Semantic search is powerful, but sometimes you want to **combine semantic similarity with specific filters**. For example, you might want to find documents about "encryption" but only from the "cryptography" category, or only beginner-level documents.

ChromaDB allows you to add a `where` clause to your queries, just like you learned in the first notebook. This combines the best of both worlds:
- **Semantic search** finds conceptually relevant documents
- **Metadata filters** narrow down results to specific criteria

Let's see this in action.

In [None]:
  # Get collection stats
  results = local_collection.get(include=['metadatas'])

  print(f"Total documents: {len(results['metadatas'])}")
  print("\nMetadata fields across all documents:")

  # Find all unique metadata keys
  all_keys = set()
  for metadata in results['metadatas']:
      all_keys.update(metadata.keys())

  print(f"Unique metadata fields: {sorted(all_keys)}")

  # Show example values for each field
  print("\nExample values per field:")
  for key in sorted(all_keys):
      example_values = [m.get(key) for m in results['metadatas'] if key
   in m][:3]
      print(f"  {key}: {example_values}")



### Example 1: Search with Category Filter

Let's search for documents about "network protection" but only from the "architecture" category:

In [None]:
query_text = "How to protect networks from attackers?"

# Semantic search with category filter
results = local_collection.query(
    query_texts=[query_text],
    n_results=2,
    where={"category": "architecture"},  # Only architecture documents
    include=["documents", "metadatas", "distances"]
)

print(f"Query: {query_text}")
print(f"Filter: category = 'architecture'\n")

for rank, (doc, doc_id, metadata, distance) in enumerate(
    zip(results["documents"][0], results["ids"][0], results["metadatas"][0], results["distances"][0]),
    start=1):
    print(f"Result {rank}:")
    print(f"  ID: {doc_id}")
    print(f"  Category: {metadata['category']}")
    print(f"  Distance: {distance:.4f}")
    print(f"  Preview: {doc[:200]}...\n")

#### Exercise 1

You want to find information about encryption methods. Write a
  semantic search query with the question "How do encryption methods
  work?" that only searches within documents in the "cryptography"
  category. Retrieve the top 3 results and display their IDs and
  categories.



In [None]:
# YOUR CODE HERE



### Example 2: Search with Difficulty Filter

Now let's find beginner-friendly documents about authentication:

In [None]:
query_text = "How do authentication systems work?"

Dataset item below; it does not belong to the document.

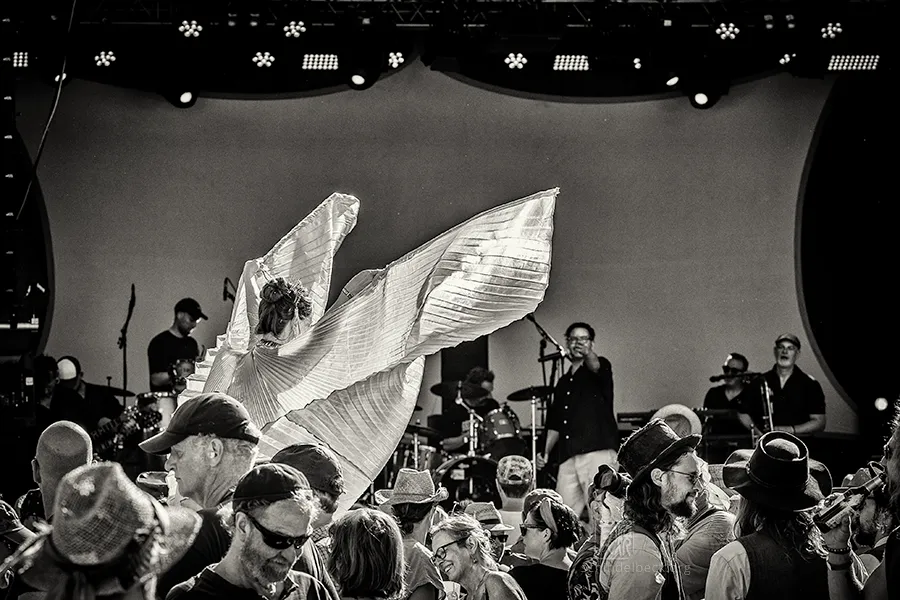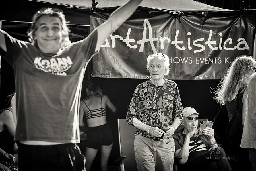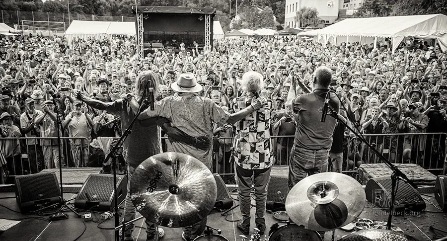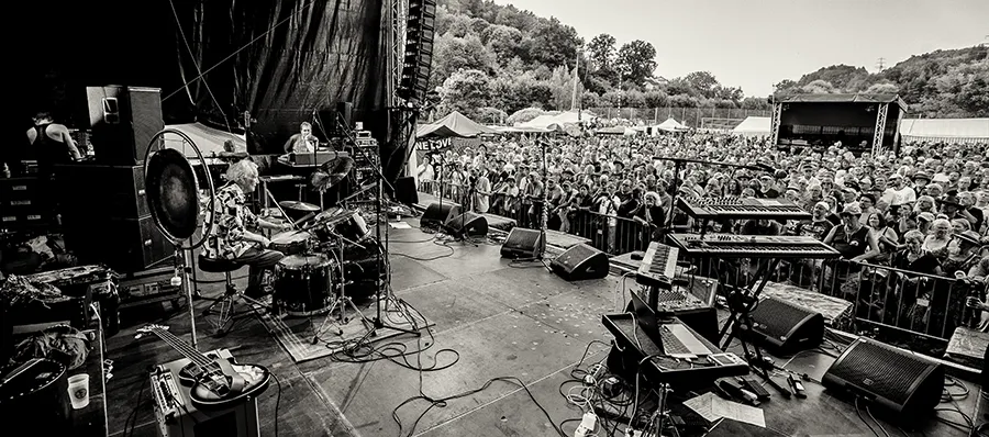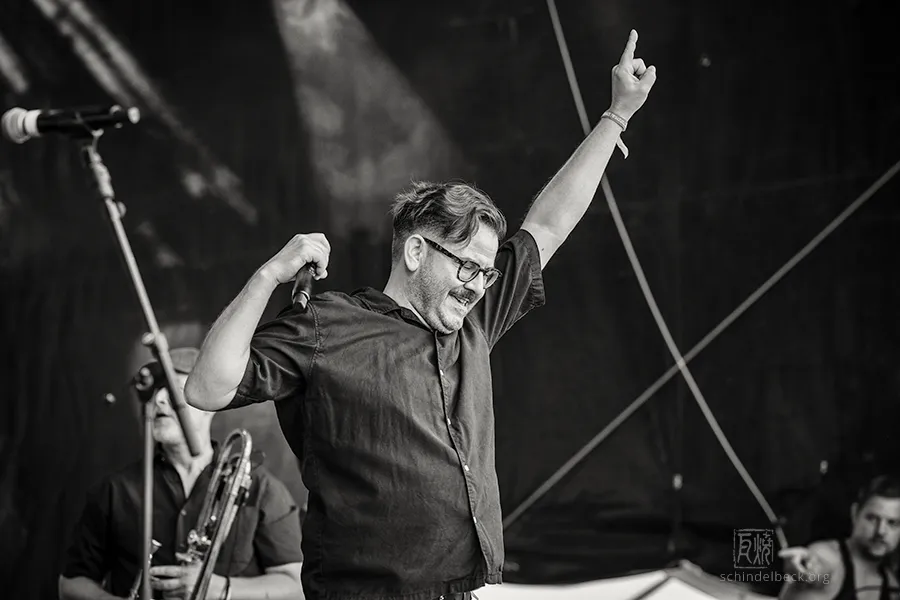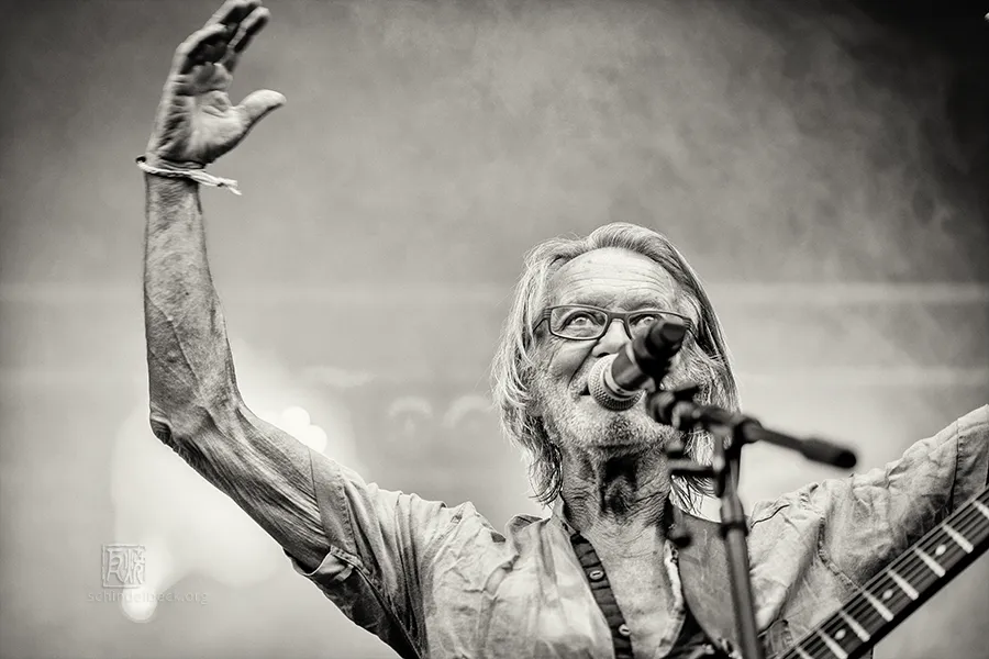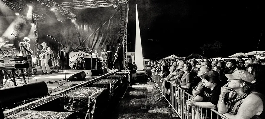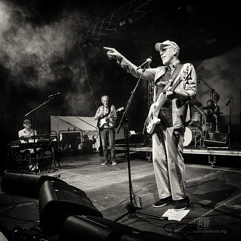 Das Set war historisch gefärbt und zündete von Beginn. Vom neuen Album The Incredible Universe of Guru Guru gab es den jazzorientierten Titel Free Krautrock!, ansonsten zahlreiche Klassiker, die zur DNA des Festivals gehören: „Living in the Woods“, der „Elektrolurch“. Peter Kühmstedt glänzte als „Rock’n’Roll Machine“, es gab den „Iddli Killer“ – und das Publikum auf dem dicht gedrängten Sportplatz feierte begeistert. Einziger Wermutstropfen: Roland Schaeffer hatte seine Nadaswaram, von Kühmstedt gern „indische Tröte“ genannt, nicht dabei. Doch als Saxophonist ist er ohnehin eine Klasse für sich.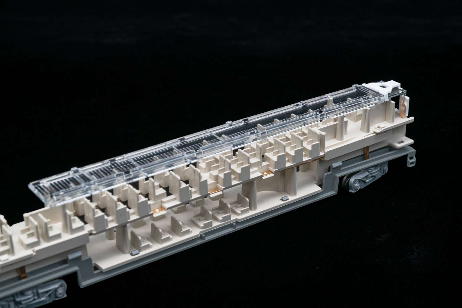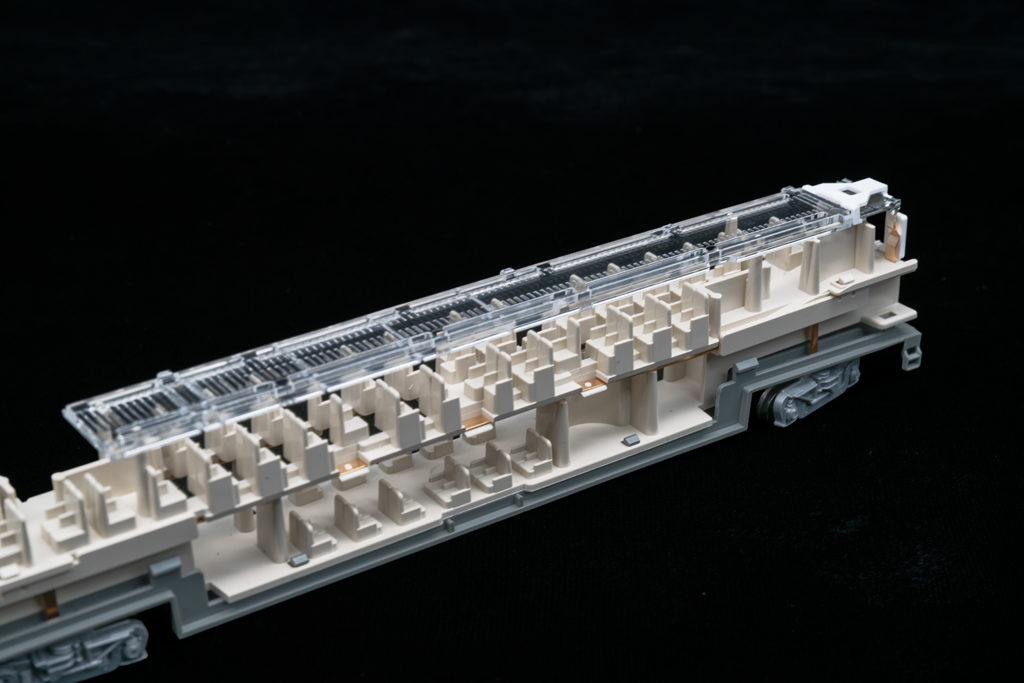 個人的に最大の好感度ポイント。スーパーライナーと違いサーフライナーでは室内灯のプリズムの保持が客席側で保持するKATOの現行の主流タイプになり、たぶんプリズムこの辺?と言うのが無くなって光が均一に回り易く、1階席まできちんと光が届きます。この編成に2両含まれるスーパーライナーは旧いままなので、光の回り方の違いがよくわかります。

# Semantic search with difficulty filter
results = local_collection.query(
    query_texts=[query_text],
    n_results=3,
    where={"difficulty": "beginner"},  # Only beginner-level documents
    include=["metadatas", "distances"]
)

print(f"Query: {query_text}")
print(f"Filter: difficulty = 'beginner'\n")

if results["ids"][0]:
    for rank, (doc_id, metadata, distance) in enumerate(
        zip(results["ids"][0], results["metadatas"][0], results["distances"][0]),
        start=1):
        print(f"Result {rank}: {doc_id}")
        print(f"  Category: {metadata['category']}, Difficulty: {metadata['difficulty']}")
        print(f"  Distance: {distance:.4f}\n")
else:
    print("No beginner-level documents found matching this query.")

#### Exercise 2

You are looking for advanced
  material. Write a query to search for "What are advanced security
  techniques?" but ONLY return documents with "advanced" difficulty.
  Retrieve the top 3 results and show their IDs, categories, and
  difficulty levels.

In [None]:
# YOUR CODE HERE



### Example 3: Complex Filters with Operators

You can also use operators like `$gte` (greater than or equal), `$in` (in list), etc.:

In [None]:
query_text = "Modern security approaches"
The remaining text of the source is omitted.